— Какой вздор! Божественные силы не благоволят к зачинщикам ссор, а мы будем зачинщиками, если бросим вызов, еще не имея явных улик. Да и Бьянкини в ответ на вызов скрестить мечи поступят по своему обыкновению: как-нибудь ночью пустят в ход стилеты. Это неуловимые враги. Они не оскорбят нас открыто, пока мы под защитой власть имущих. А о том, как Бьянкини нас ненавидят, мы узнаем, когда уже будет поздно. Вот чего я опасаюсь. Винченцо, обычно такой учтивый со мной, перестал мне кланяться, когда я прохожу мимо места, где он работает. А нынче утром, когда я провожал отца и мы все спускались по лестнице базилики, мне показалось, что трое братьев, стоя под портиком, злорадно поглядывают на нас и над нами издеваются. Ненависть давно зреет в их душах и нет-нет, да сверкнет в их глазах. Боцца может рассказать тебе к тому же, что не раз после дневных трудов или поутру, приходя первым на работу, он на наших лесах заставал врасплох то Винченцо, то Доминика Бьянкини — они с величайшим вниманием рассматривали мельчайшие детали наших мозаик.

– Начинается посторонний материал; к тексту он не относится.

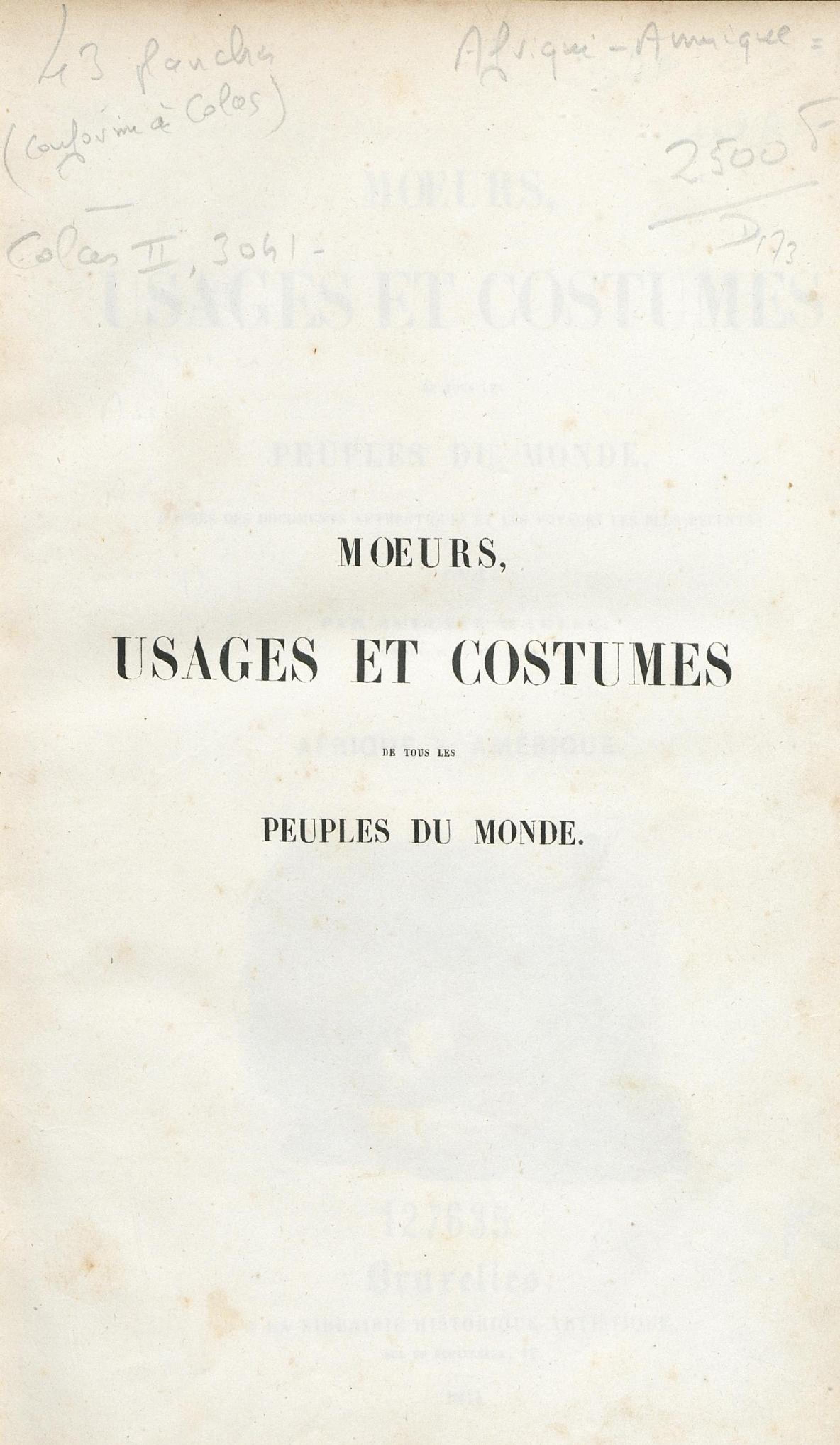 - Moeurs, usages et costumes de tous les peuples du monde, d'après des documents authentiques et les voyages les plus récents : Afrique, Amérique

— Ну так что же? Это ровно ничего не доказывает! Не кланяются они нам потому, что просто грубы. Утром на нас косо посмотрели — значит, завидуют, что у нас, у счастливцев, такой хороший отец; проверяют нашу работу потому, что хотят допытаться, в чем причина нашего превосходства. Да стоит ли из-за всего этого тревожиться?
— Почему же они не говорят с Боцца, когда он их встречает на нашем помосте, а стремглав сбегают вниз по лестнице с противоположной стороны, как будто только что совершили дурное дело?
— Только бы встретить их! — вскричал Валерио, сжимая кулаки. — Уж я заставлю их объясниться или, клянусь Бахусом, спущу с лестницы побыстрей, чем они поднялись!
— И подольешь масла в огонь. Чтобы отомстить за того, кого ты оскорбил, двое других объединятся и будут мстить нам до самой смерти. Поверь мне, быть порядочным — значит быть благоразумным. Будем же сдержанны и сохраним благородное спокойствие, как подобает людям мужественным. Быть может, наше великодушие их усмирит. По крайней мере, они поймут, что напрасно питают к нам вражду. Ну, а если они и будут нас преследовать, мы обратимся за помощью к правосудию.
— Послушай, брат, за что же они станут нас преследовать? Да и не в их власти нам повредить. Не станут же они доказывать, что мы работаем хуже их.
— Они станут твердить, что мы работаем не так быстро, а доказать это будет легко.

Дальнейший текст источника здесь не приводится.